De rechtbank is van oordeel dat deze route het mogelijk maakt dat de veroordeelde weer gemotiveerd raakt en zich positief gaat inzetten om de nodige stappen in zijn traject te zetten. Daardoor kan het recidiverisico worden verminderd en zal de veroordeelde uiteindelijk op een veilige manier de inrichting kunnen verlaten. Tegelijkertijd is duidelijk dat hij nog aan het begin van dit traject staat; de veroordeelde moet nog beginnen met het opdoen van werkervaring en moet nog een start gaan maken met de opbouw van verlof. De rechtbank is dan ook van oordeel dat verlenging met een kortere periode dan 18 maanden geen recht zou doen aan de fase van ontwikkeling waarin de veroordeelde zich bevindt. Deze periode is nodig om de veroordeelde de gelegenheid te geven om in de komende periode stapsgewijs zijn vaardigheden te ontwikkelen, werkervaring op te doen en zijn verlof op te bouwen.

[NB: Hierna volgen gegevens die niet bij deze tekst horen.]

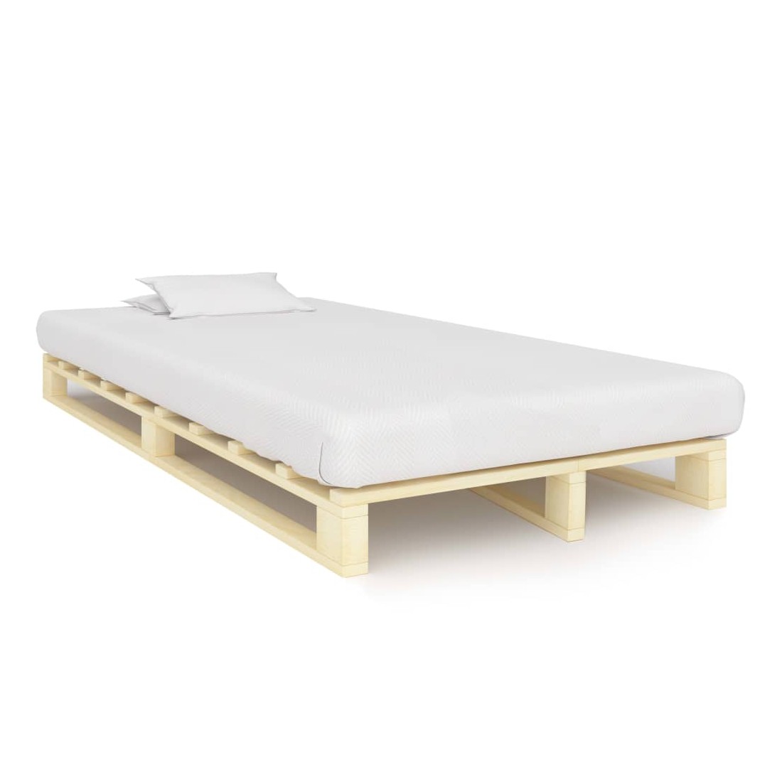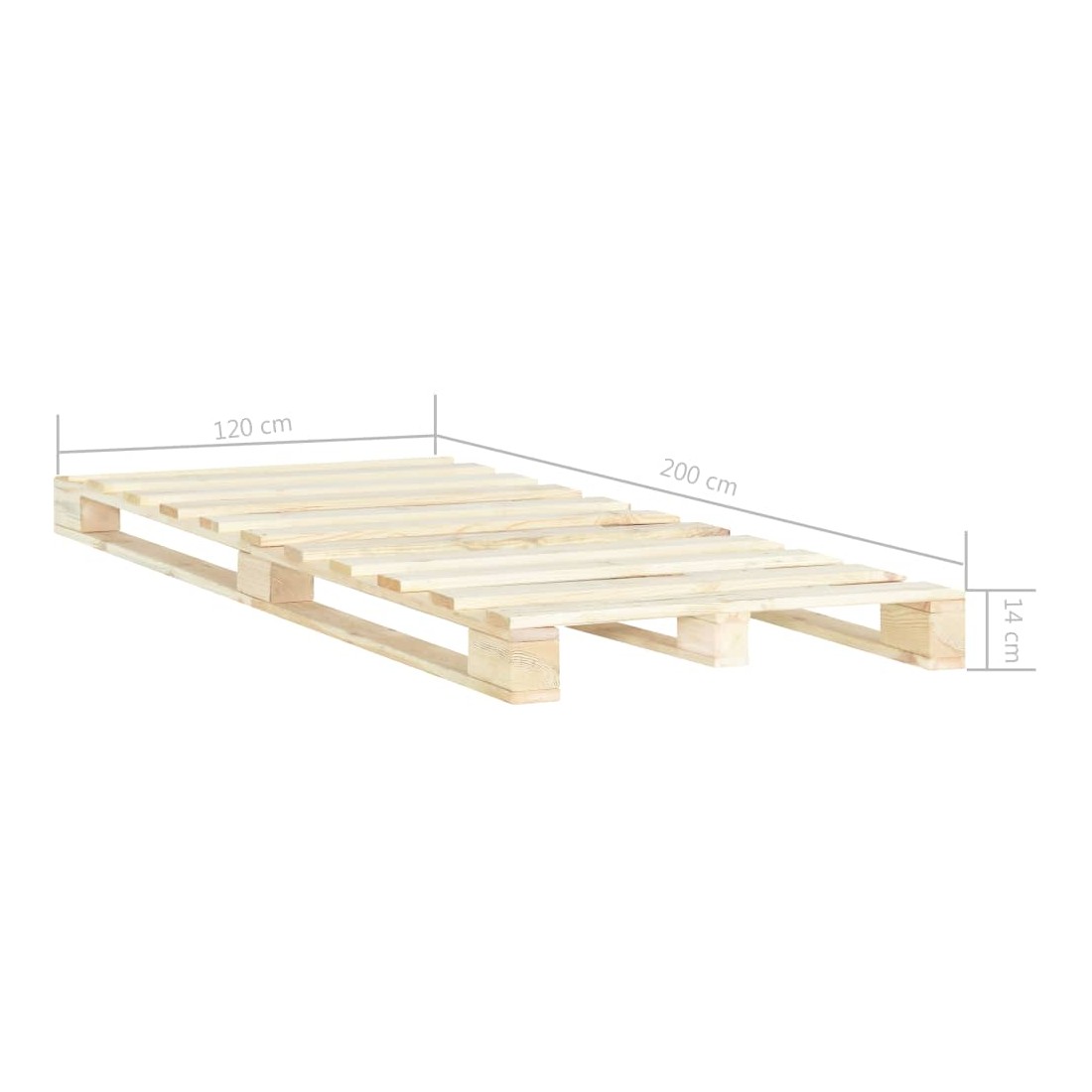 Notre cadre de lit de palette classique deviendra le point central de toute chambre à coucher. Avec son design intemporel, notre cadre de lit en bois massif sera un supplément pratique et décoratif à votre intérieur. Fabriqué en bois de pin massif, ce cadre de lit est solide et durable. Les lattes robustes offrent le soutien nécessaire et sont très confortables. Ce cadre de lit convient à un matelas de 120 x 200 cm. Veuillez noter que la livraison inclut un cadre de lit seulement ; un matelas n'est pas inclus. Le lit est facile à assembler.
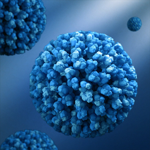 The image depicts the blue tongue virus (BTV). The BTV is the prototype virus of the Orbivirus genus. The species belonging to this genus have segmented, double-stranded RNA genomes.
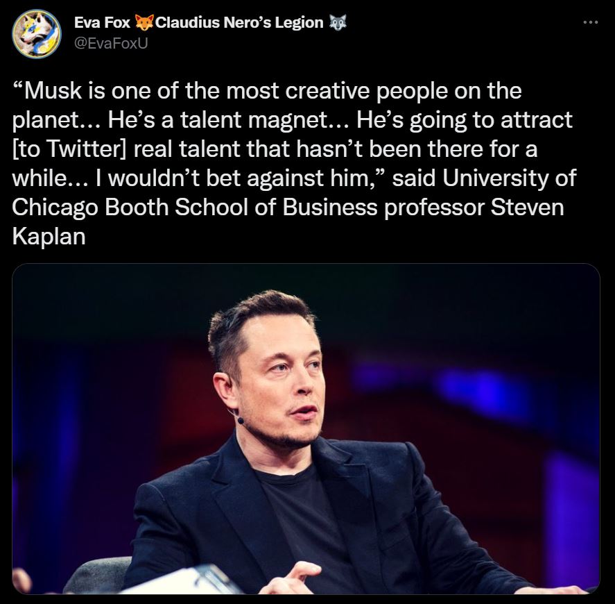 In between a few sparse Twitter-unrelated memes and the occasional not-quite-porn-but-porn-adjacent fantasy art, Musk’s favs are pretty much all self-validating fan tweets about his Twitter takeover, lauding the controversial figure as a genius who’s always a few steps ahead while shaming those who oppose him.
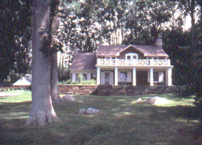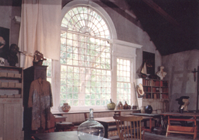 Born in Massachusetts, NC came to the area as a young art student. It was love at first sight. With the proceeds of his 1911 sale for Treasure Island, he bought 18 acres of hillside and woodlands, scarcely a mile from the museum that now houses his paintings. There he built a house and a studio. There he and his wife Carolyn raised five artistically gifted children. After his death in 1945 his widow lived on in the house and after her death in 1973, their daughter Carolyn, continued living in the house and painting in the studio until she died in 1994. The Brandywine River Museum was designed for public access. The family homestead was not. But in 1996 arrangements were made whereby museum visitors could visit both the house and the studio in small, escorted groups. Because cars are not permitted at the homestead, museum visitors are transported by shuttle van and escorted first through the ground floor of the house and then through the studio. In the so-called Big Room, its immediately apparent that this is the hub of family life. Light pours in through uncurtained windows. Its a country room, a happy room, filled with family photographs, well-thumbed books, paintings, a piano and a bust of Beethoven, an apt reminder that daughter Ann was a composer as well as an artist. Life in the Wyeth household was never dull. No father was ever more involved or devoted to his children than NC. Andrew, reminiscing about his father, delighted to recall the rituals of Christmas. Long after Santa Claus had been defrocked, NC would clamber across the roof on Christmas Eve, stomping in heavy boots, jingling sleigh bells and calling his Ho Ho Hos down the chimney. Charades and skits were family specialties. As soon as a child could hold a crayon, he or she was given workspace and encouraged to draw "whatever you see around you." Household pets included not just dogs and cats but rabbits, ducks, ponies and birds, both domestic and wild. In the Wyeth household, self-expression was always valued above school on the theory that the children could learn as much in their fathers studio as they could in a classroom. The studio with a huge north-facing window has been returned to its 1945 appearance, the year that NC and a grandson were tragically killed on a nearby railroad crossing. Propped on an easel is an unfinished portrait of George Washington as a young surveyor. It was the artists final work, its completion halted by his death. Everywhere in the spacious room are the artists props...a birchbark canoe, a sword, seashells, old glass bottles, capes and plumed hats, a plaster cast of Lincolns death mask. Theres a staircase on rollers, which the artist used when working on murals and other oversize pieces.
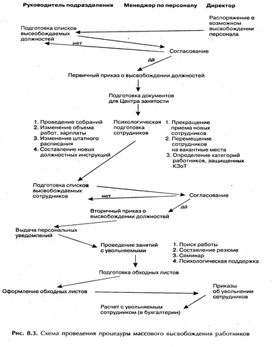 Выплата подобий по безработице прекращается в случаях: - постоянного трудоустройства, - прохождения профессиональной подготовки, повышения квалификации или переподготовки по направлению службы занятости с соответствующей выплатой стипендии, - истечения установленного периода выплаты пособия, - получения пособия обманным путем, - осуждения лица, получающего пособие, к наказанию в виде лишения свободы или принудительного лечения по решению суда, - назначения пенсии (кроме пенсии по инвалидности). Выплата пособий по безработице приостанавливается в случаях: - временного трудоустройства (договор подряда и т. д.), - получения разовых гонораров (в том числе авторских). В настоящее время Служба занятости поддерживает тесную связь с налоговой инспекцией. Ответственные лица Службы занятости передают данные обо всех зарегистрированных безработных, получающих пособие по безработице, в налоговую инспекцию. В свою очередь, налоговая инспекция возвращает информацию в Службу занятости о возможном временном трудоустройстве зарегистрированных безработных. Если безработный своевременно не проинформировал Службу занятости о полученном доходе, то он может понести как материальную, так и административную ответственность. Выплата пособия по безработице может быть отложена на срок до трех месяцев в случаях: - отказа в период безработицы от двух вариантов подходящей работы, - увольнения за нарушение трудовой дисциплины и другие виновные действия, предусмотренные законодательством РФ, - длительного (более одного месяца) отсутствия безработного в месте постоянного проживания без уведомления центра занятости и так далее. Размеры пособий по безработице дифференцируются в зависимости от категорий граждан, признанных безработными. Варианты высвобождения персонала с ориентацией на социальную эффективность, минимизацию социально-психологических издержек, избегание конфликтов выработаны в Германии: Решения по сокращению персонала должны быть убедительными, чтобы не допускать возникновения слухов и недоброжелательности, а также чтобы в каждой конкретной ситуации находились компромиссные решения (например, избежание увольнения до тех пор, пока применимы другие варианты, такие, как прекращение найма, досрочный выход на пенсию с выплатой соответствующей компенсации и т. п.). Варианты высвобождения персонала: 1. Прекращение найма. 2. Перемещения. 3. Сокращение регулярной продолжительности рабочего дня, в том числе за счет: а) отмены (уменьшения) сверхурочных, б) введения сокращенного рабочего дня и активизации использования договоров о занятости неполный рабочий день. 4. Прекращение выдачи на сторону заказов, которые предприятие может выполнить собственными силами. 5. Введение укороченной рабочей недели. 6. Другие отдельные мероприятия: а)денежные компенсации при добровольном уходе с фирмы, б) досрочный выход на пенсию, в) метод «аутплэйсмент» (организация активно старается эмоционально облегчить сотруднику процесс разрыва с ней и помочь в поиске нового места работы путем выдачи рекомендаций, разрешения пользоваться фирменными компьютерами, факсами и телефонами для поиска работы и т. п.), увольнение отдельных сотрудников по признаку большей нерадивости, меньшей отдачи для фирмы. 7. Массовые увольнения. Ориентированная на баланс интере
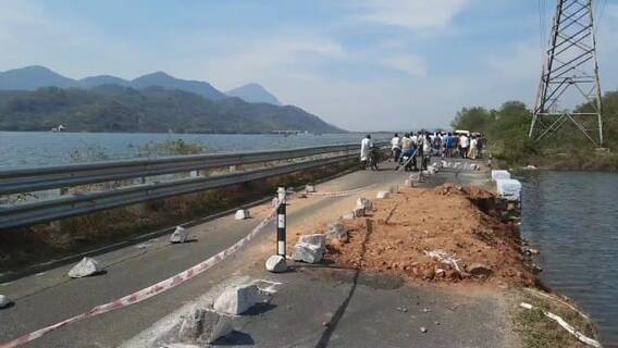தருமபுரி மாவட்டம் தொப்பூர் பொம்மிடி பிரதான சாலையில், தொப்பையாறு அணையை ஒட்டி உள்ள சாலையின் ஒரு பகுதி உடைந்து தண்ணீரில் மூழ்கிய நிலையில் மற்றொரு பகுதியும் உடைந்து வந்ததால் போக்குவரத்துக்கு தடை செய்யப்பட்டது.
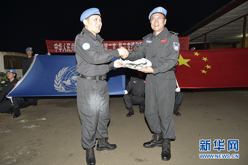 3月11日凌晨4时46分,在鲜艳的五星红旗、湛蓝的联合国旗前,在中国驻利使馆、公安部轮换工作指导组等人员和两支维和防暴队队员的见证下,中国第二支驻利比里亚维和警察防暴队政委赵东方和第三支驻利比里亚维和警察防暴队政委李培森进行交接。握手、拥抱、赠送纪念品,简洁、庄重,具有历史意义的重要一刻就这样“低调”完成了。这意味着,第二支维和防暴队圆满完成了维和任务,第三支维和防暴队接过了履行国家使命、维护世界和平、展示中国警察形象的重任。
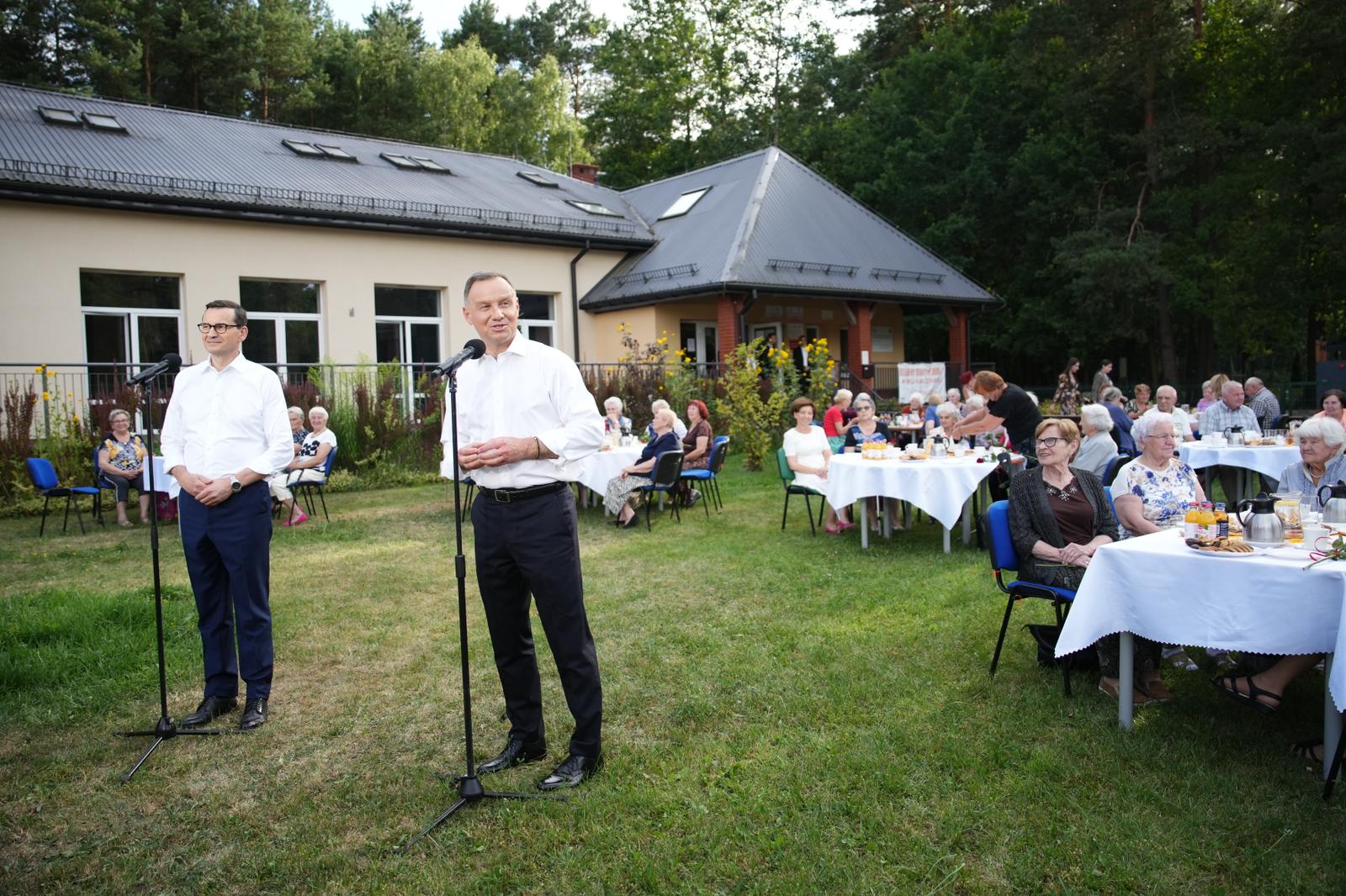 Z tej okazji prezydent Andrzej Duda, premier Mateusz Morawiecki oraz minister rodziny i polityki społecznej Marlena Maląg odwiedzili Dzienny Dom Senior+ w Woli Karczewskiej. Spotkanie z uczestnikami zajęć w placówce było pełne ciepłych rozmów i życzliwości.
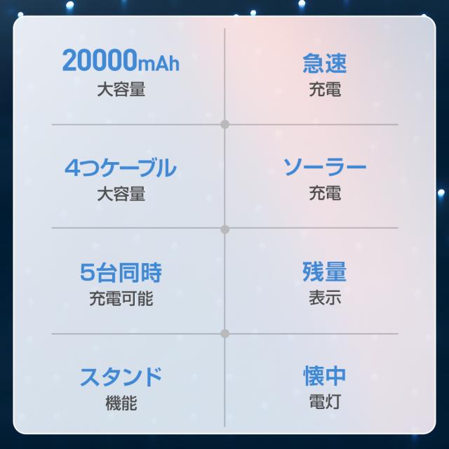 20000mAh超大容量を備え、スマホとタブレットはもちろん、カメラ、ゲーム機にも充電できるモバイルバッテリーです。ほとんどのUSB機器に複数回充電可能、旅行、出張など電源の取りにくい環境でバッテリー切れの心配がありません。最大2Aの出力電流でフルスピード充電が可能、通常より充電スピードを大きく上げて、充電時間を短くできます。日頃の使用だけではなく、台風・地震など災害時の非常用電源としても大活躍しています。
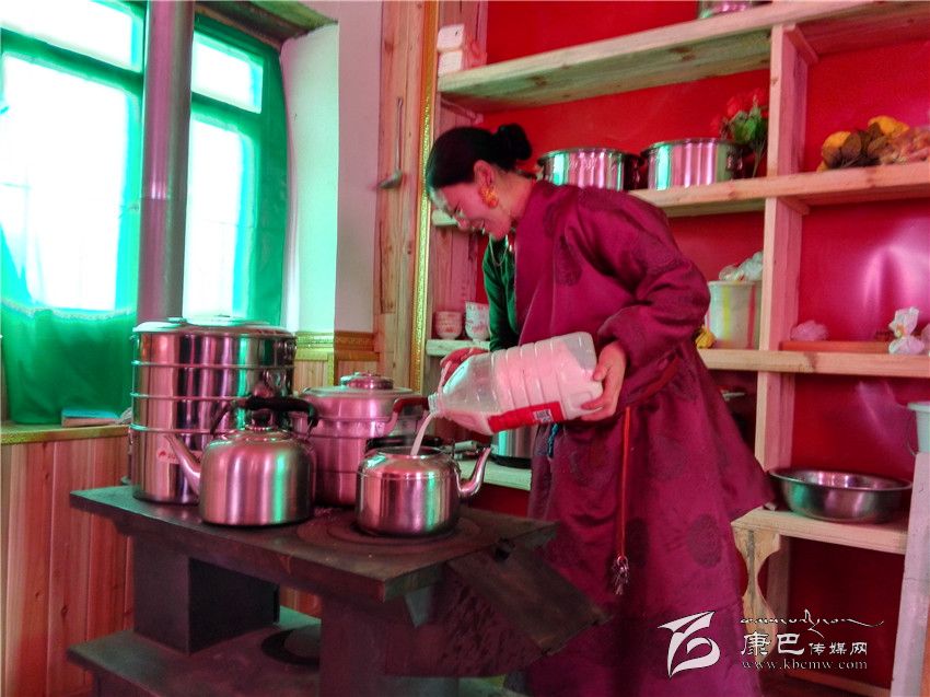 走進江巴達吉的家里,一股熱浪撲面而來,小鋼爐上燒著熱水,幾個女人正在備料準備包酥油包子和牛肉餃子。藏桌上擺滿了糖果、牛肉,豐盛的食物琳瑯滿目。江巴達吉愜意地喝著奶子茶,知足和幸福寫在臉上。

De rechtbank is gezien het voorgaande van oordeel dat de termijn van de PIJ-maatregel met 18 maanden moet worden verlengd.

Beslissing

De rechtbank verlengt de termijn van de PIJ-maatregel, zoals hierboven omschreven,
met 18 maanden.
Deze beslissing is gegeven te Den Haag door
mr. E.E. Schotte, kinderrechter, voorzitter,
mr. J.E. Bierling, kinderrechter,
en mr. E.M.M. Engbers, kinderrechter,
in tegenwoordigheid van mr. E.A.W. Hoefnagels, griffier,
en uitgesproken in het openbaar op 24 maart 2025.